There are some valid use cases of fail though: when you're in monadic code that is specific to one instance that supports it. For example, using fail is safe in Data.Binary's Get, and the API does not expose a dedicated failing function.

read crashes at runtime on a parse error. Use readMaybe instead, which has a Maybe a result.

genericLength is literally the naive 1 + length rest implementation, and nobody is quite sure why it is in the standard library. genericLength uses O(n) stack space so it can overflow, which is just awful behaviour. If you need an Integer version of length, use fromIntegral . length, which runs in constant stack space and is well-optimized. (The one valid use case for genericLength is for lazy nats, which nobody ever uses.)

One person mentioned that genericLength works for lists with even larger numbers of elements than maxBound :: Int. Assuming a 4-byte Int on a system, that single list would have to be a little over 16 GiB in memory (each entry is an Int value, and an Int pointer to the next value).
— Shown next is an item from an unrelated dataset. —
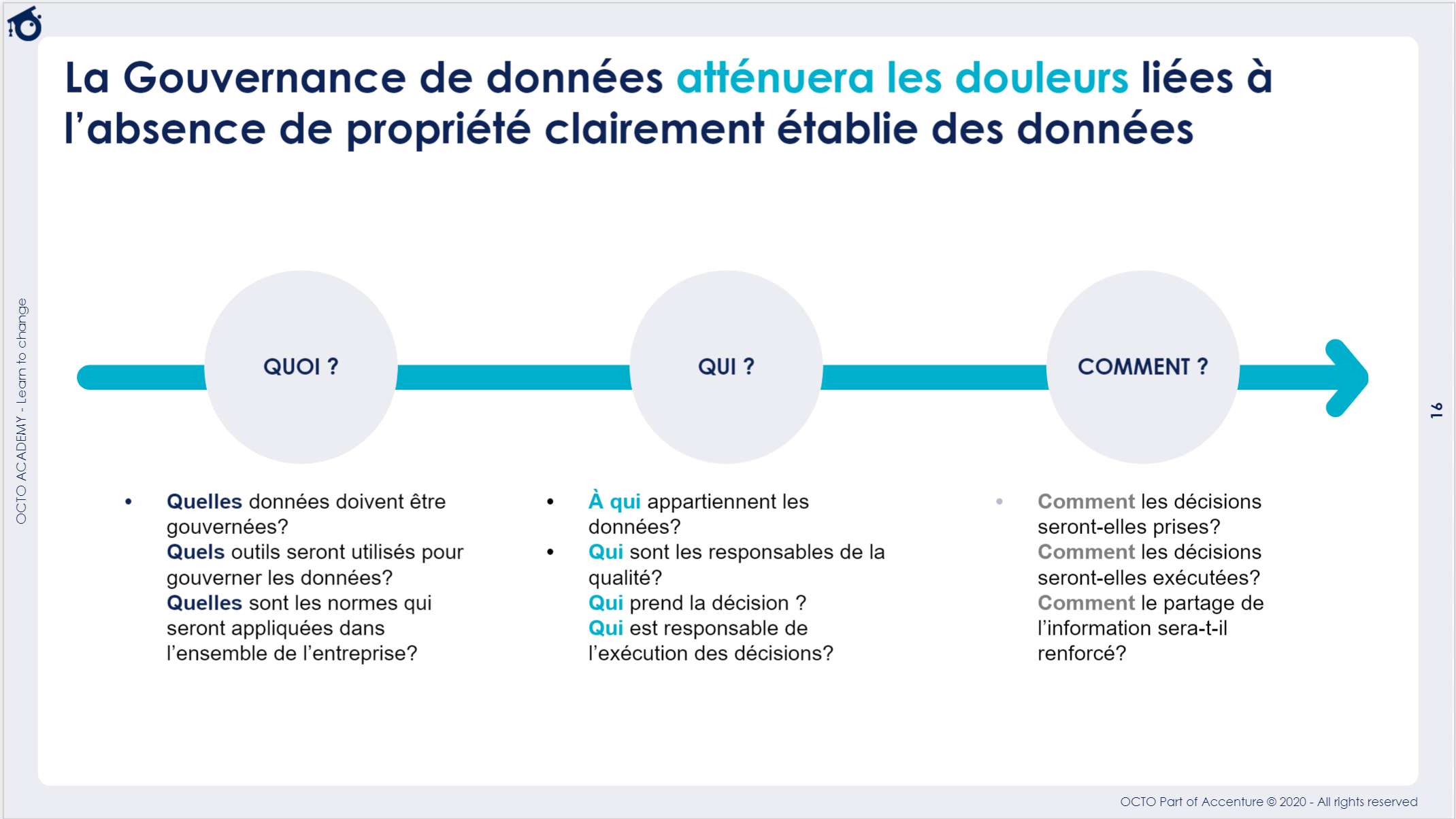 - Gouvernance : créer une organisation et pouvoir animer une communauté autour des données pour les mettre au centre de l'entreprise.

At this point, lists are probably not the right representation for your data.

unsafePerformIO is very useful in advanced Haskell, and very wrong otherwise. Chances are you're looking for a very basic introduction to IO based on do notation or chaining >>= ("bind").

In order to use unsafePerformIO safely, it's not enough to know how IO roughly works. In addition to being pretty damn sure that you actually need a function of type IO a -> a, you should also understand how your compiler handles inlining, in which cases it evaluates expressions and how many times, and how errors should be detectable in case you make one using this dangerous function. Really, don't use it lightheartedly.

These should all be substituted by pattern matching. For one, they separate structural code from code that does computations, and even more importantly, the compiler knows when you forget to handle a case (when compiled with -W).

For example, instead of

map f xs | null xs   = []
         | otherwise = f (head xs) : tail xs

you should write

map f (x:xs) = f x : map f xs
map _ []     = []

nub has terrible performance (quadratic), since its type is overly general, requiring only an Eq constraint. If your data satisfies Ord, then you can implement much better algorithms that run in O(n*log(n)) time.

nub1, nub2, nub3 :: Ord a -> [a] -> [a]

-- Naive implementation; has to traverse entire list before
-- returning a result, does not maintain input order
nub1 = map head . group . sort
-- Bonus question: why is using 'head' safe here?
-- This is one of the rare occasions where using it
-- is not a mistake.

-- Using Data.Set and explicit recursion. This is very similar
-- to the standard 'nub', but uses a Set instead of a List
-- to cache previously encountered elements.
nub2 = go Set.empty where
    go [] _ = []
    go (x:xs) cache
        | x `Set.member` cache = go xs cache
        | otherwise            = x : go xs (Set.insert x cache)

-- nub2, implemented as a fold. Coming up with this yourself is
-- a good exercise, try doing it before reading the code!
nub3 xs = foldr go (const []) xs Set.empty where
    go x xs cache
        | x `Set.member` cache = xs cache
        | otherwise            = x : xs (Set.insert x cache)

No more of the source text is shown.